How can we reproduce it?

Without provenance, you're flying blind. You have a system in a certain state, but no idea how it got there or how to recreate it.

Example: Two Kubernetes Clusters

Cluster A (Manual Configuration):

# History lost to time
$ kubectl scale deployment api-server --replicas=10
$ kubectl set resources deployment api-server --limits=cpu=2,memory=4Gi
$ kubectl patch deployment api-server -p '{"spec":{"template":{"spec":{"nodeSelector":{"node-type":"highcpu"}}}}}'

Questions you can't answer:

Why 10 replicas instead of 5 or 20?
Who set those resource limits and when?
Why is it pinned to highcpu nodes?
Can we recreate this in staging?

Cluster B (Infrastructure as Code):

# Git commit: abc123
# Author: devesh@company.com
# Date: 2024-01-15
# Message: "Scale api-server for Black Friday traffic (JIRA-1234)"

apiVersion: apps/v1
kind: Deployment
metadata:
  name: api-server
  annotations:
    reason: "Black Friday traffic spike"
    jira-ticket: "JIRA-1234"
spec:
  replicas: 10 # Increased from 5 to handle 2x traffic
  template:
    spec:
      nodeSelector:
        node-type: highcpu # CPU-bound workload
      containers:
        - name: api
          resources:
            limits:
              cpu: "2" # Profiled: 1.5 CPU under load
              memory: "4Gi" # 3.2Gi average + 20% buffer

Now you know:

Why: Black Friday traffic (JIRA-1234)
When: Jan 15, 2024
Who: devesh@company.com
How to reproduce: git checkout abc123; kubectl apply -f .
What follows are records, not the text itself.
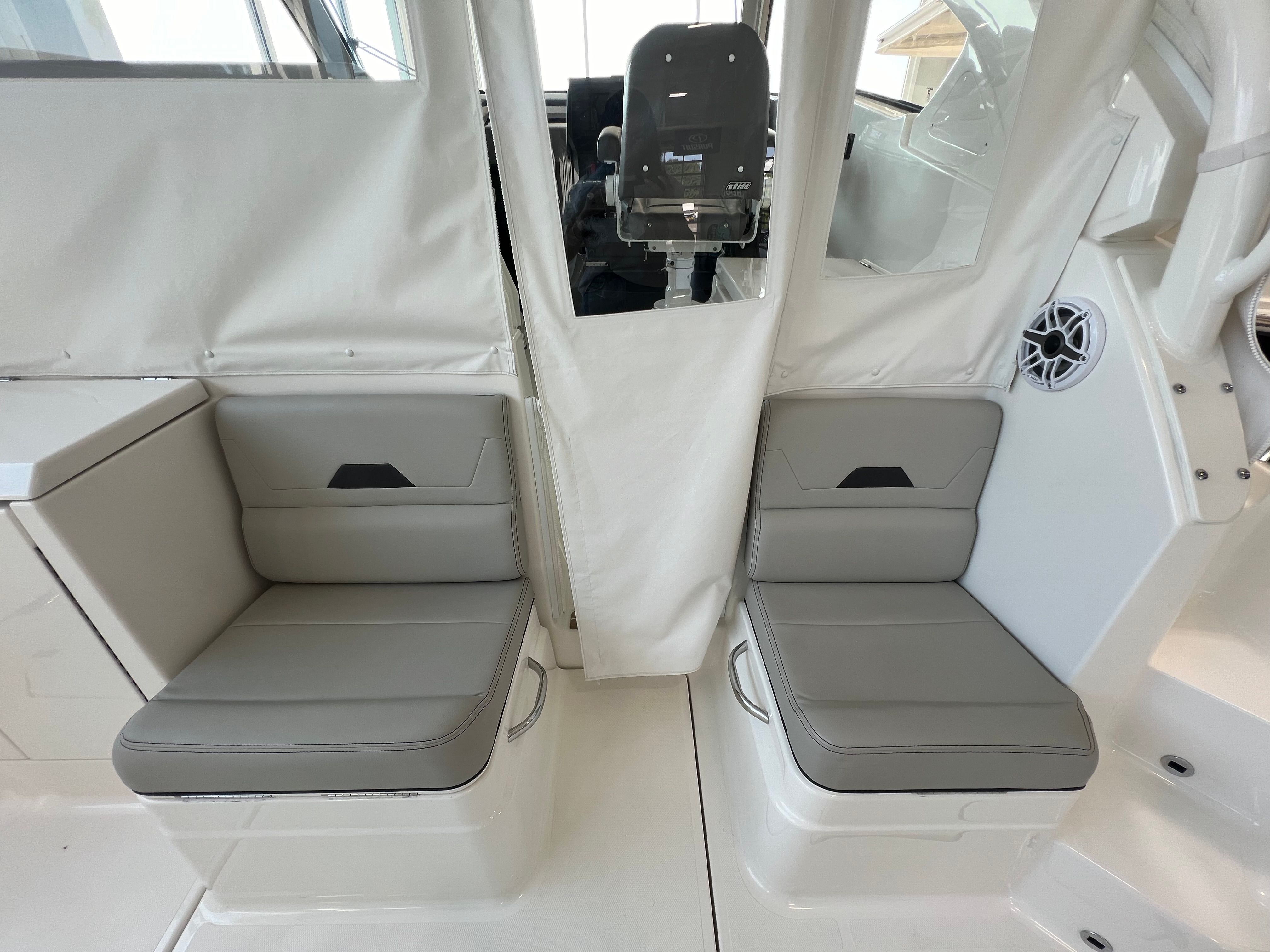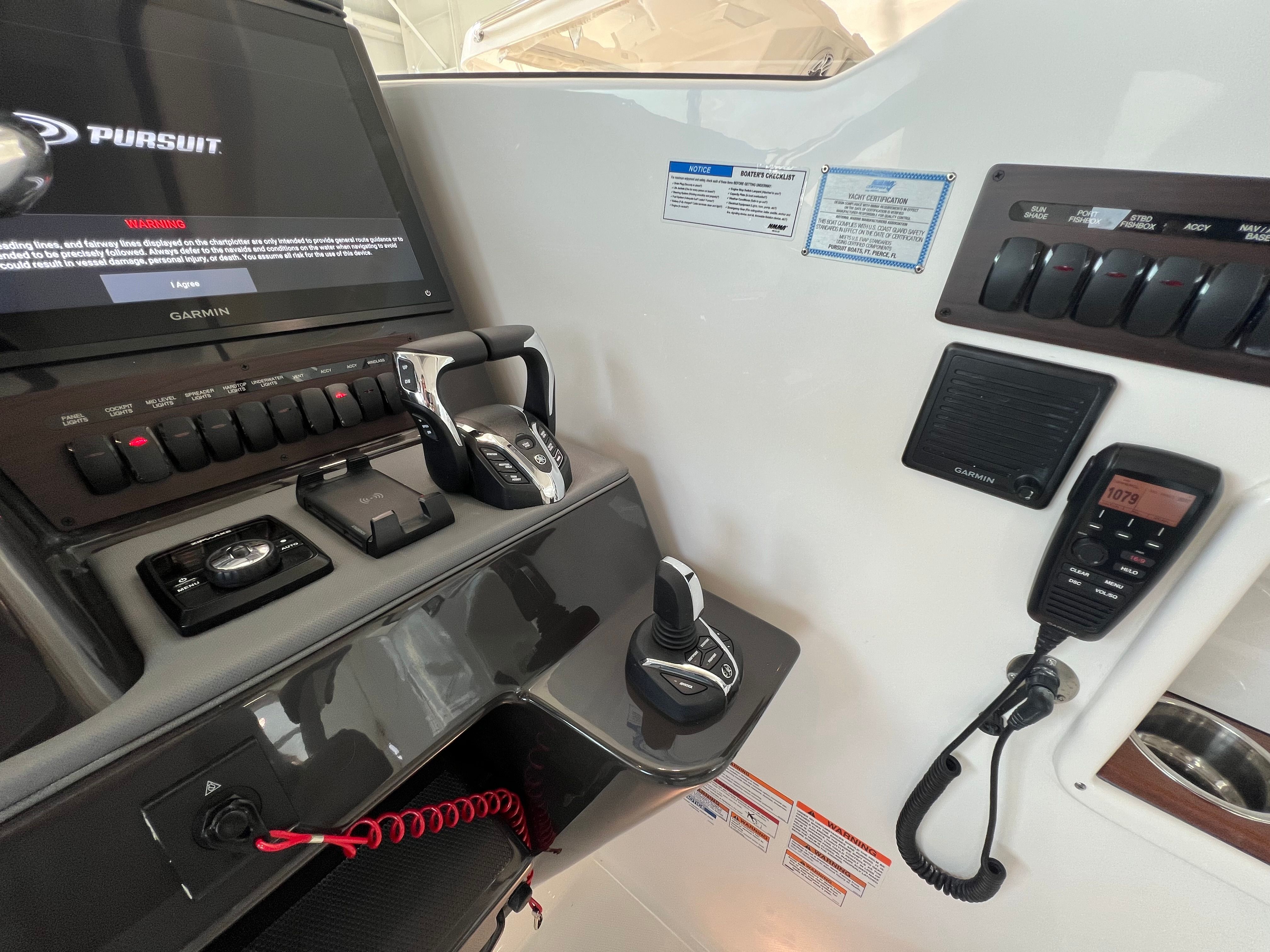 The 2025 Pursuit 405 OS is loaded with premium features designed to enhance your boating experience. Among its standout amenities are bolt-on hardtop rod holders, perfect for anglers seeking convenience and organization. The hull has been meticulously prepared with mask, sand, prep, de-wax, barrier coat epoxy, and antifouling paint, ensuring long-lasting protection and optimal performance in the water. The Driftwood Interior Package - Sport adds a touch of refined elegance to the cabin, creating a warm and inviting atmosphere for all onboard.For those who value comfort and convenience, the electric retractable cockpit sun shade offers adjustable protection from the sun, allowing you to enjoy the outdoors in comfort. The exterior ceramic coating provides an extra layer of durability and shine, keeping your cruiser looking pristine season after season. Navigation is a breeze with the Garmin 2nd Widescreen 22" Display and Garmin Widescreen 22" Display Package, offering state-of-the-art technology for safe and efficient travel. The helm and footrest feature a stylish carbon color, complementing the striking carbon hull color for a cohesive and modern appearance.Additional features include freight, prep, fuel, USCG gear, PDI, and orientation, ensuring that your new Pursuit 405 OS is ready for immediate enjoyment upon delivery.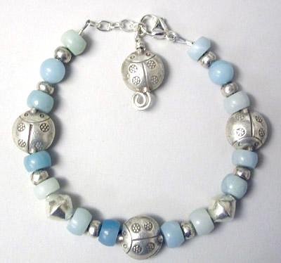 Lucky Lady Bugs - Three Hill Tribe sterling silver lady bugs surrounded by soothing amazonite and more silver. Closed with a sterling silver claw clasp and chain with anotehr ladybug for a dangle. Adjustable from 7 3/4 to 8 1/2 inches.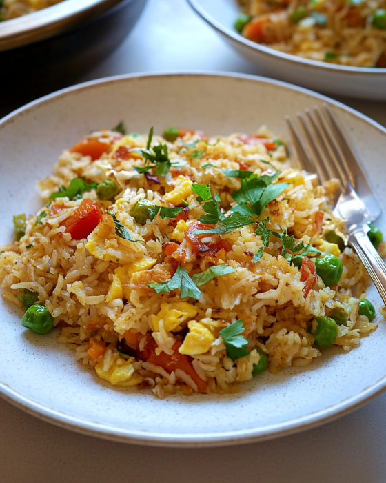 Gebratener Reis mit Ei und Gemüse Rezept einfach zubereiten
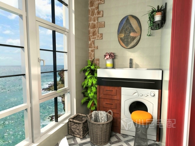 洗衣臺在陽臺,很方便。

Provenance = Trust = Reliability

The Architecture Has Failed

Here's a controversial statement:

If a human has to touch production, the architecture has failed.

Not because humans are bad (we're not). But because:

Humans don't scale: You can't hire fast enough
Knowledge is tribal: "Sarah knows how to fix this"
Context is lost: "I think someone changed this last month?"
Reproducibility is impossible: "It works on my machine"
Auditing is a nightmare: "Who changed the firewall rules?"

Case Study: The Lookout Deployment Pipeline

When I joined Lookout, deploys were manual:

Manual Process (2019):

SSH into bastion host
Pull latest code
Run migration scripts (hope they're idempotent)
Restart services in the "right" order
Check logs manually
Hope nothing breaks

Time: 2-3 hours
Error rate: 15%
Deploys per week: 2-3
Rollback time: 1-2 hours
Knowledge holders: 3 people

Automated Process (2020):

# .github/workflows/deploy.yml
name: Deploy to Production

on:
  push:
    branches: [main]

jobs:
  deploy:
    runs-on: ubuntu-latest
    steps:
      - name: Checkout code
        uses: actions/checkout@v2

      - name: Run database migrations
        run: |
          kubectl exec -it db-pod -- \
            /app/migrations/run.sh \
            --version=$(git rev-parse HEAD)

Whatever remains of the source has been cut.